Âgée d'à peine treize ans, je commettais l'irréparable. Le meurtre de ma propre mère.

Je fus retrouvée plusieurs heures après ma délivrance, recroquevillée et tremblante près d'un arbre, ma robe blanche tâchée de sang. Mes sanglots provoquaient des soubresauts incessants, mais aucune larmes ne coulaient sur mes joues. Je ne pouvais pas pleurer. Je ne pouvais plus. En réalité, je ne sais pas si cet état paniquant était provoqué par un certain choc, ou juste la joie qui explosait dans mon corps. Mon esprit était déchiré en deux. Je me rendis alors compte que je n'avais jamais fait qu'espérer aimer ma mère, et grappiller quelques attentions en retour... Quelle enfance de merde.

Mon adolescence fut moins désastreuse. Je vacillai entre maison de correction, détention provisoire, jusqu'à ce que je sois condamnée à  purger une peine de cinq ans d'emprisonnement. Trouverez-vous cela ironique si je vous dis que ce fût les plus belles années de ma vie ? J'eus une véritable amitié, entre les murs de béton du pénitencier.Toutes les autres me pensaient folles, mais pas elle. Pas Emma. Ou peut-être était-ce parce que nous étions folles à deux ? Pour tout vous avouer, je ne sais pas.. Est-ce normal d'être agressive lorsqu'on se sent menacé ? Ou de se sentir perpétuellement suivie, ciblée ? Que nos battements de coeur s'affolent dès qu'on croise ne serait-ce qu'une chose qui nous paraisse étrange, et que l'on n'hésite pas à sauter à la gorge de tout potentiel agresseur ? Je ne sais pas... On m'a déjà parlé de paranoïa, mais je ne crois pas à toutes ces conneries médicales. Ils m'ont assez bourré le crâne avec leurs paroles bien-pensantes et leurs médicaments addictifs mais inefficaces. Je n'y crois plus. Tout comme je ne crois plus à ces choses appelées "attachement" ou autre conneries du genre. Je n'y arrive plus, je n'ai pas été élevée ainsi et le psychologue ne suffit pas à cela. 

Que voulez-vous, on ne se refait pas...

Phoebe a récemment soufflé ses vingt-cinq bougies, mais ce n'est pas pour autant qu'elle a la vie qu'elle s'était imaginée lorsqu'elle était encore qu'une enfant.
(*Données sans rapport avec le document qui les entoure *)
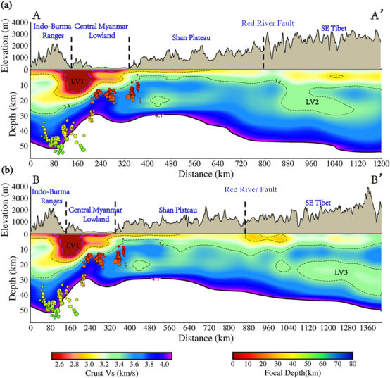 圖2 研究區(qū)域不同深度的剪切波速度 (Vs) 成像結果。24 km深的水平切片上,粉紅色虛線表示垂直長剖面 AA’ 和 BB’ 的位置。LV1-LV3 代表文中討論的低速異常。其中,位于緬甸弧前盆地的 LV1 在垂直長剖面中由2.5 km/s的虛線等值線描繪;青藏高原東南緣中下地殼的兩個低速異常 LV2和LV3則由 3.4 km/s的虛線等值線勾勒

Elle n'est pas une brillante avocate, seulement une prostituée peinant à sortir la tête hors de l'eau financièrement parlant. Elle ne réside pas dans une majestueuse maison composée d'un jardin abritant cheval, vache et autre animal de basse-cour, elle vagabonde entre différents motels crasseux. La jeune femme n'est pas à la tête d'une famille de trois enfants, mais sous la directive de femmes vénales et épaulées par des jeunes dans la même galère qu'elle. Et elle ne s'est pas mariée avec son prince charmant, juste avec la misère et la tristesse d'envies jamais satisfaites.

Non, elle n'a vraiment pas la vie qu'elle s'était dessinée dans sa caboche enfantine.